"I'm here to look after our country's interests," she said, ice forming on her tongue. "Which includes preventing U.S. mercenaries from disrupting papal elections."
Who had sold me out? Murf ran a tight shop. Angelo. Had to be Angelo.
"I'm only helping to make it a level playing field," I said.
"Are you Catholic, Mr. Renard?"
"Not technically, though I'm very impressed with what I've seen so far. It's definitely an option, spiritual-wise."

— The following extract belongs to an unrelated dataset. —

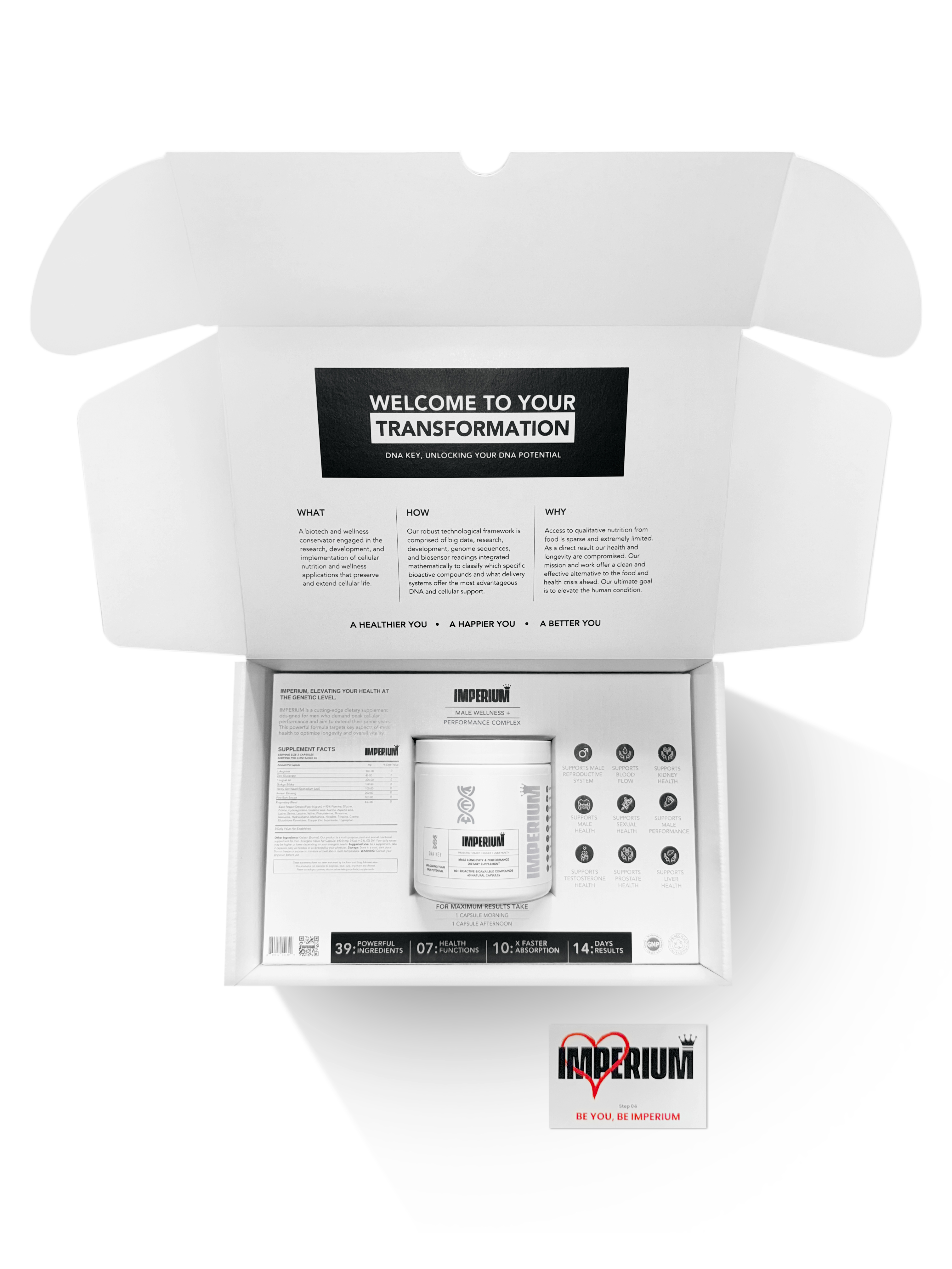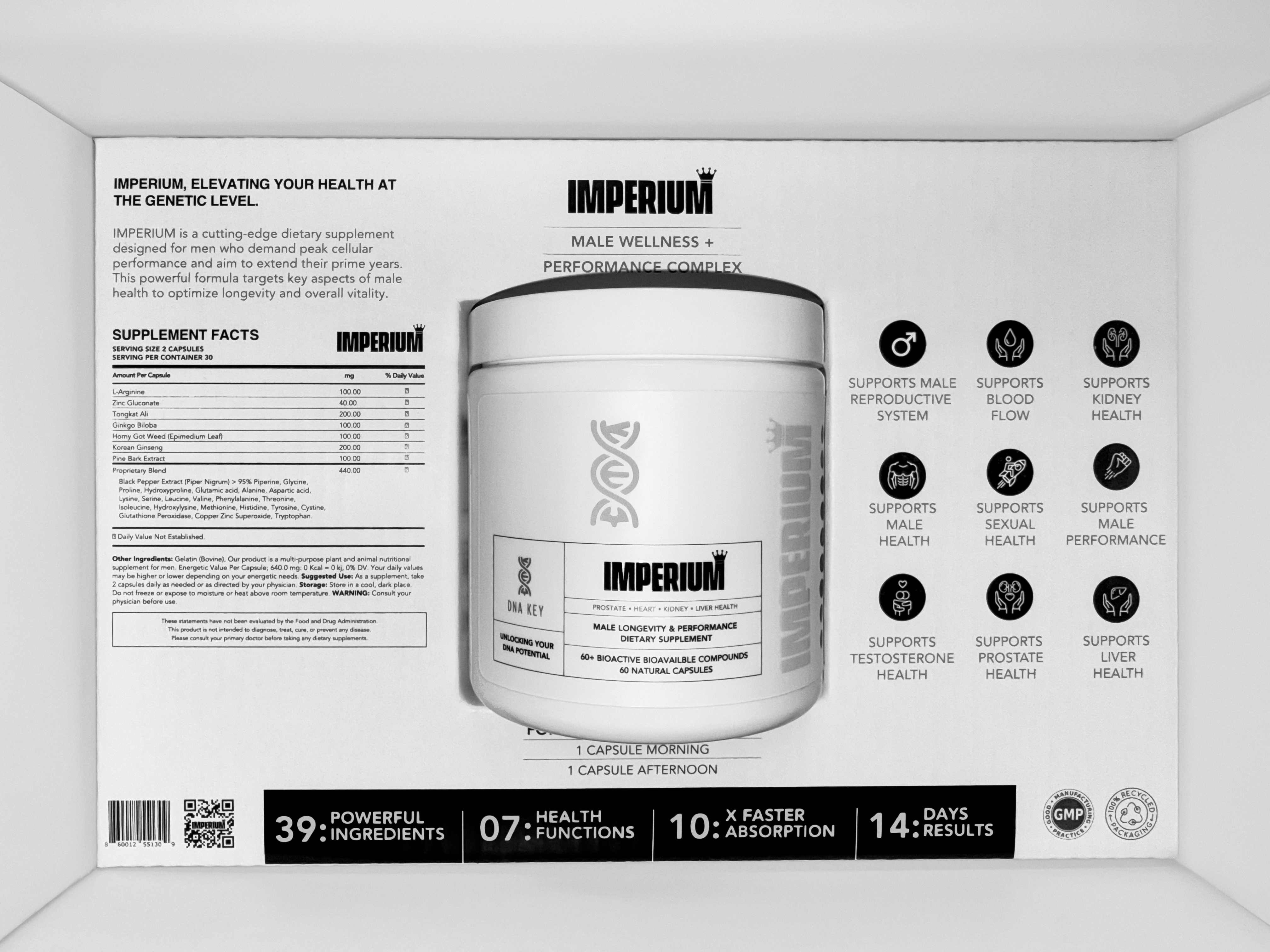 IMPERIUM is a exclusive male dietary supplement designed to support cellular function, energy production, and overall health. Its carefully selected bioactive nutrients-including vitamins, antioxidants, minerals, fatty acids, and free amino acids-are formulated for efficient delivery and absorption. These nutrients help maintain mitochondrial health and promote normal cellular processes, supporting healthy energy metabolism, cellular integrity, and immune function.*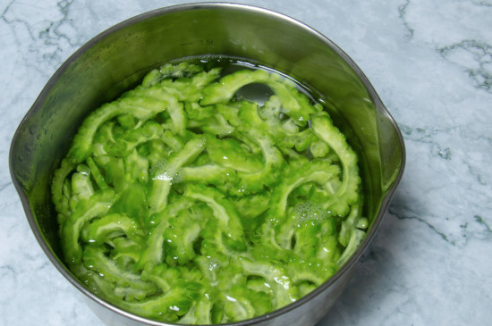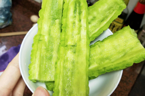 此外在切苦瓜的时候,可以将苦瓜对半切开,再把苦瓜里面白色的瓢去掉,看到苦瓜内部一层白色的膜后,再将白色的膜刮掉,苦瓜的苦味也可以大大减少。

"If you were, you'd be excommunicated. Placing your soul in mortal danger might not worry you, Mr. Renard, but any Catholic involved in this—this sinister operation of yours—is also automatically excommunicated. Am I getting through to you?"
"Excuse me, but what's so quote unquote sinister about an American Pope? I thought you were looking out for our interests here."
"Do you have any idea," she said, "how catastrophic this could be? Trying to influence the election of the Roman Pope?"
"Unlike influencing the election of the U.S. President?"
"Mr. Renard, the Pope is above politics! He is a holy figure!"
"Well, our President is no saint, I'll grant you."
The interview didn't go uphill from there. She threatened to have me deported.
"Where?" I said. "To the other side of the Tiber? I'll walk and save you the trouble."
Unfortunately, she took me up on my offer. And just try to find a cab in Rome during a papal conclave. I had to walk back to my pensione. I was as steamed as Tullio carciofi when I got back to the Tiberculosi.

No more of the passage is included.